Sextus Julius Africanus, a Christian traveller and historian of the 3rd century, was probably born in Libya, and may have served under Septimius Severus against the Osrhoenians in AD 195. Little is known of his personal history, except that he lived at Emmaus[?], and that he went on an embassy to the emperor Heliogabalus to ask for the restoration of the town, which had fallen into ruins. His mission succeeded, and Emmaus was henceforward known as Nicopolis[?]. Dionysius bar-Salibi says he was a bishop, but probably he was not even a presbyter.

He wrote a history of the world (Chronografiai, in five books) from the creation to the year AD 221, covering, according to his computation, 5723 years. He calculated the period between the Creation and the birth of Christ as 5499 years, and ante-dated the latter event by three years. This method of reckoning became known as the Alexandrian era, and was adopted by almost all the eastern churches.

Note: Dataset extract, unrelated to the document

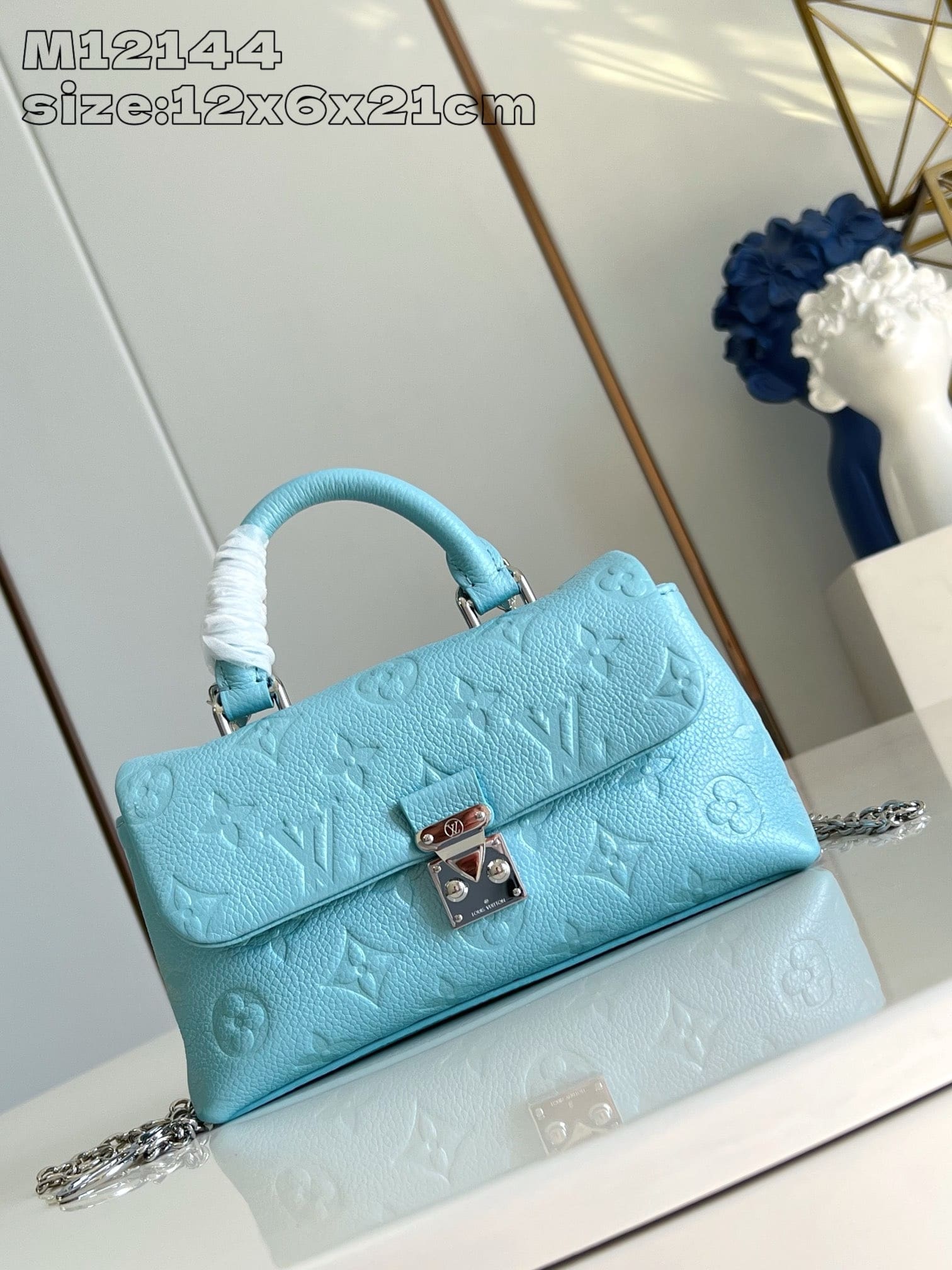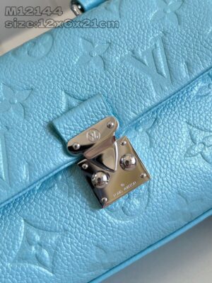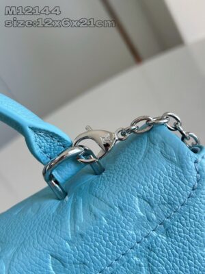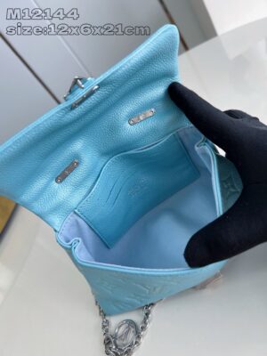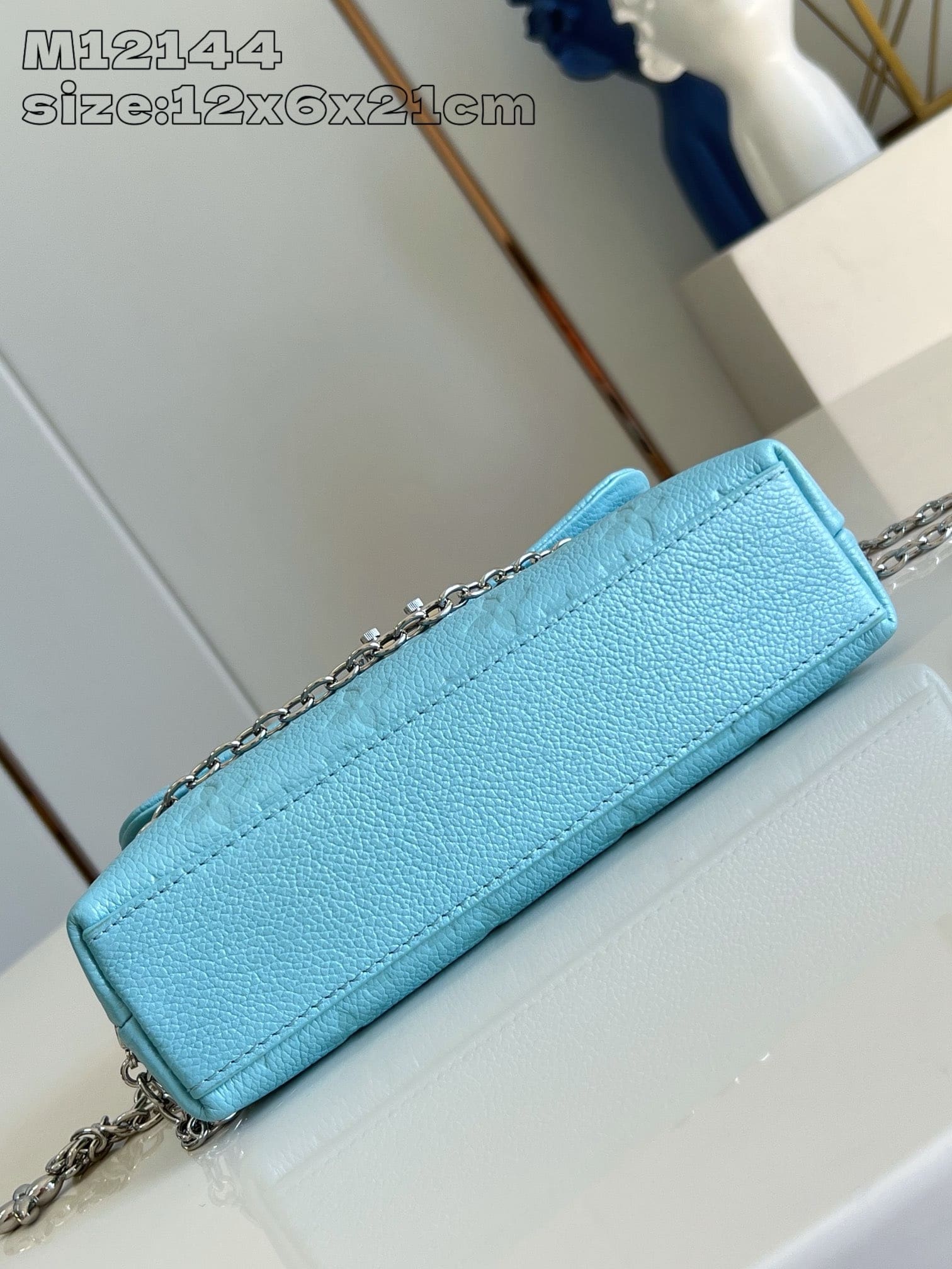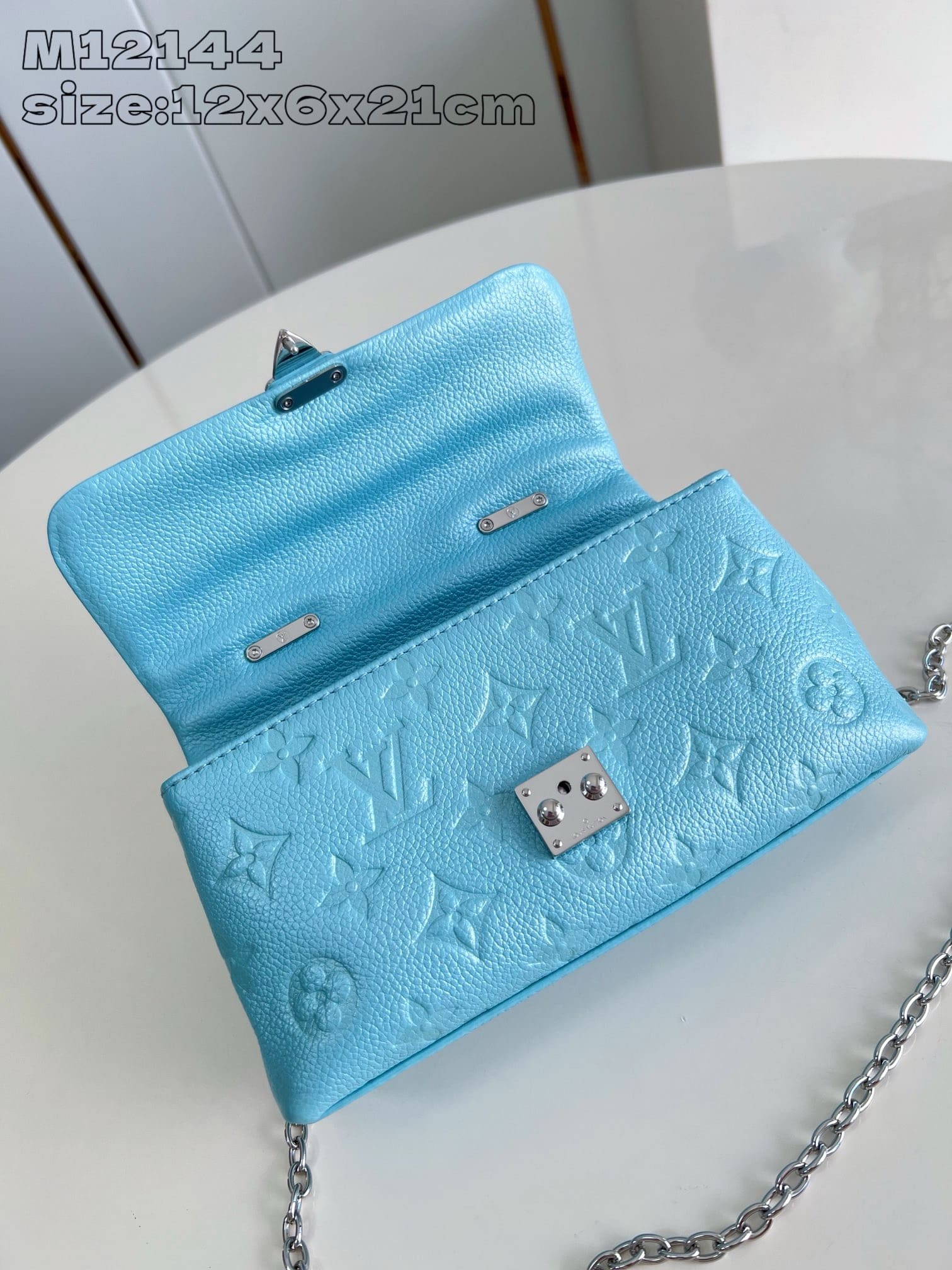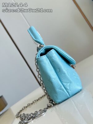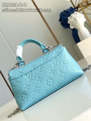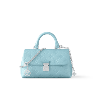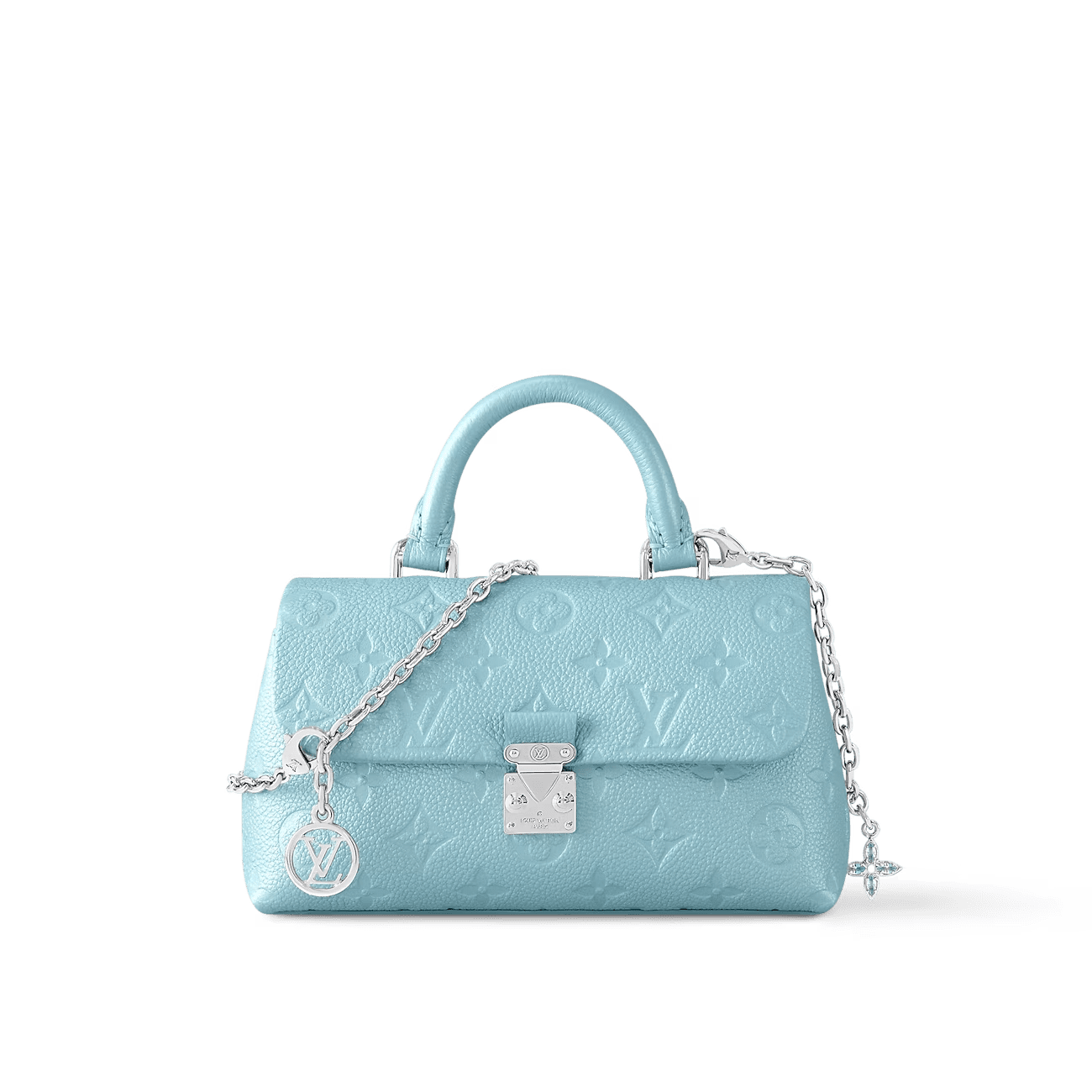 The LV Ski collection presents this ‘Shimmery’ update on the Nano Madeleine handbag in a sophisticated Azur Frost shade. Crafted from signature Monogram Empreinte leather, it is accented with an iconic S-lock closure and a matching silver-toned chain adorned with a crystal-embellished charm. Wear it cross-body, over the shoulder or carried by hand.

The history, which had an apologetic aim, is no longer extant, but copious extracts from it are to be found in the Chronicon of Eusebius, who used it extensively in compiling the early episcopal lists. There are also fragments in Syncellus[?], Cedrenus[?] and the Paschale Chronicon[?]. Eusebius (Church History i. 7; vi. 31) gives some extracts from his letter to one Aristides, reconciling the apparent discrepancy between Matthew and Luke in the genealogy of Christ by a reference to the Jewish law, which compelled a man to marry the widow of his deceased brother, if the latter died without issue. His terse and pertinent letter to Origen, impugning the authority of the apocryphal book of Susanna, and Origen's wordy and uncritical answer, are both extant. The ascription to Africanus of an encyclopaedic work entitled Kestoi (embroidered girdles), treating of agriculture, natural history, military science, etc., has been needlessly disputed on account of its secular and often credulous character. Neander suggests that it was written by Africanus before he had devoted himself to religious subjects. A fragment of this work was found in the Oxyrhynchus papyri[?].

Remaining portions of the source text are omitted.